GENEALOGY-DNA-L Archives

Archiver > GENEALOGY-DNA > 2010-02 > 1266022664


From: "Ken Nordtvedt" <>
Subject: [DNA] Y Tree SNPs can not be counted
Date: Fri, 12 Feb 2010 17:57:44 -0700


> Since some have recently been repeatedly saying they make y tree age
> estimates and their statistical confidence intervals of those estimates by
> "counting mutations" in the tree (though I think they mean something quite
> different), I want to document the reasons why it is impossible to count
> mutations in a y tree such as one for I1 haplogroup, etc.
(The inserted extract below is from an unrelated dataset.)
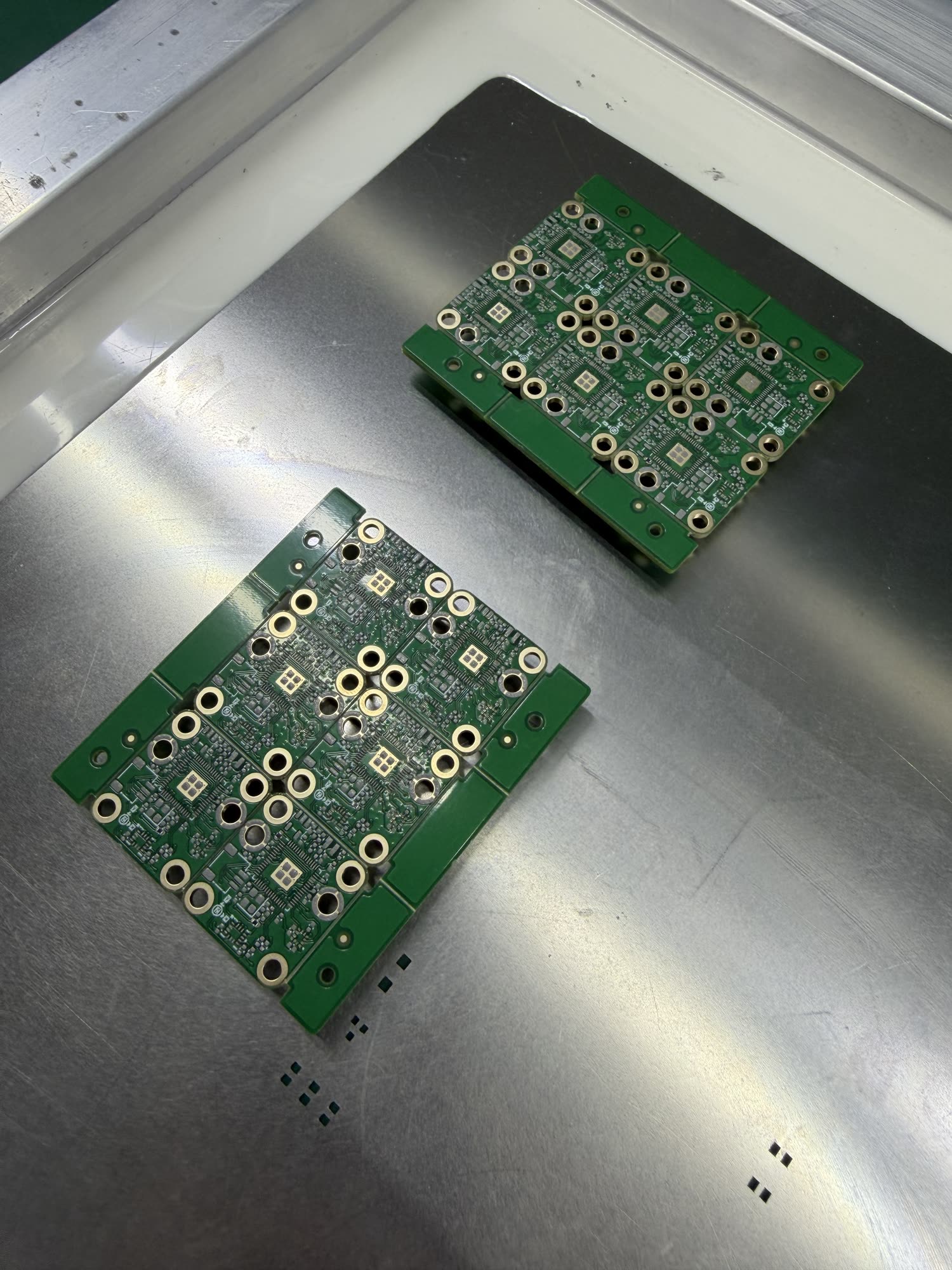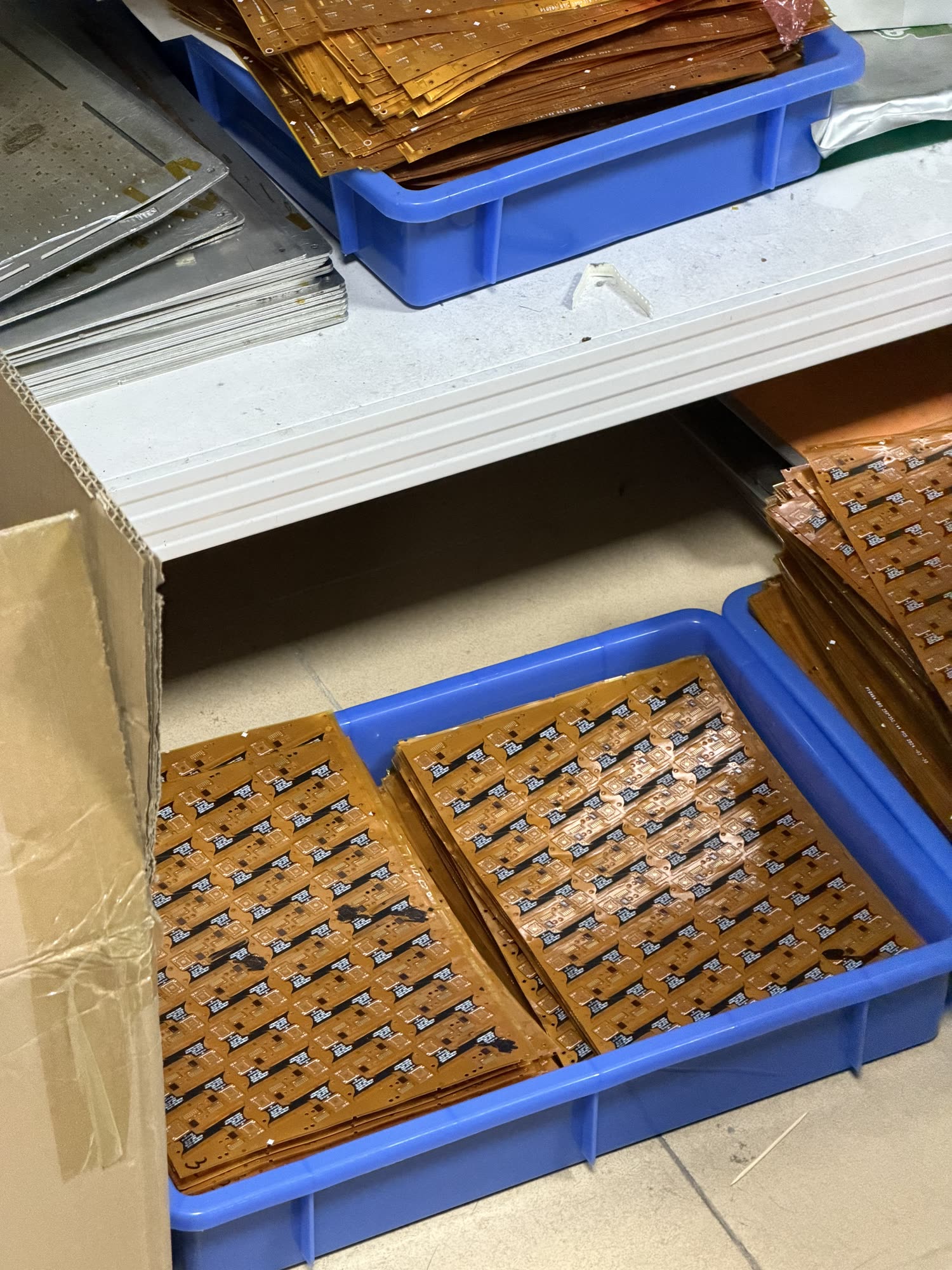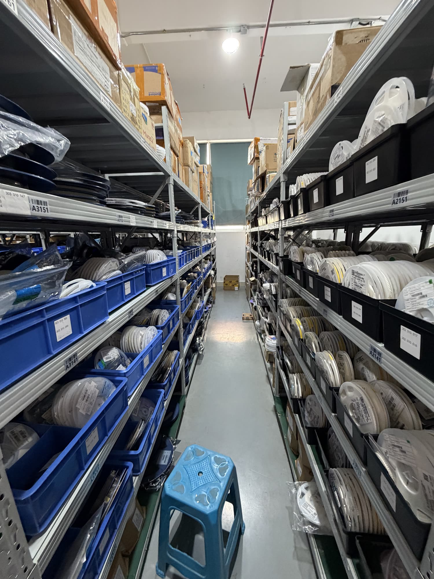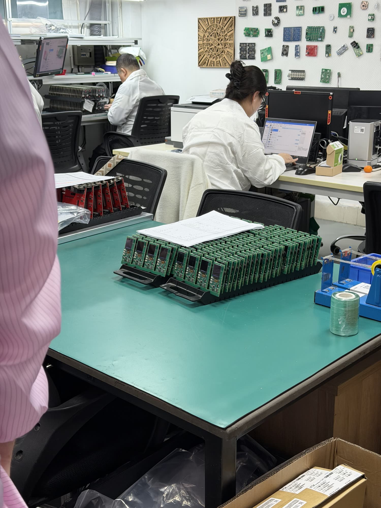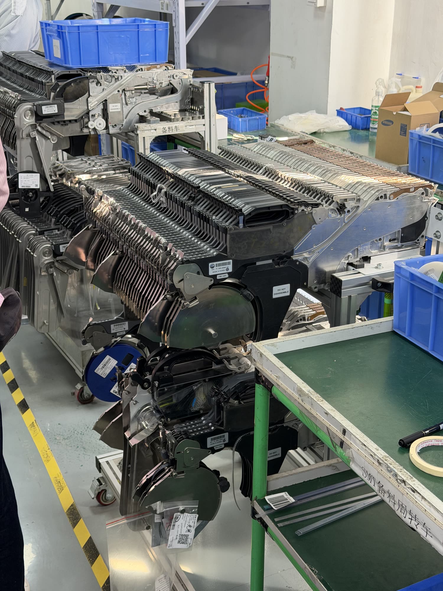 Ahead of the SMT line is a parts sorting room / kind of clearing house which is properly chaotic at first glance but for which they have a fairly sophisticated stockroom tracking system. These are the boring parts.

It would not be
> good if this repeated claim led people to believe that proper TMRCA
> estimates for ancient clades involves trying to do the impossible ---
> count mutations. (see P.S. for young genealogical trees) The reasons that
> counting mutations in a y tree is impossible are multiple. What we can
> count are features seen in the tree's resulting haplotypes in hand.
>
> 1. A y tree from a single clade MRCA to the N present descending
> haplotypes of one's representative sample has a structure determined
> solely by the demographics through all of its history. First we have the
> full tree for
> the entire clade population which might be millions, and then we have the
> particular tree for the sampling of the present
> clade population one has taken. The latter tree is some pruning of the
> former tree; if the sampling has quality, its tree will capture important
> features of the full tree for the entire clade.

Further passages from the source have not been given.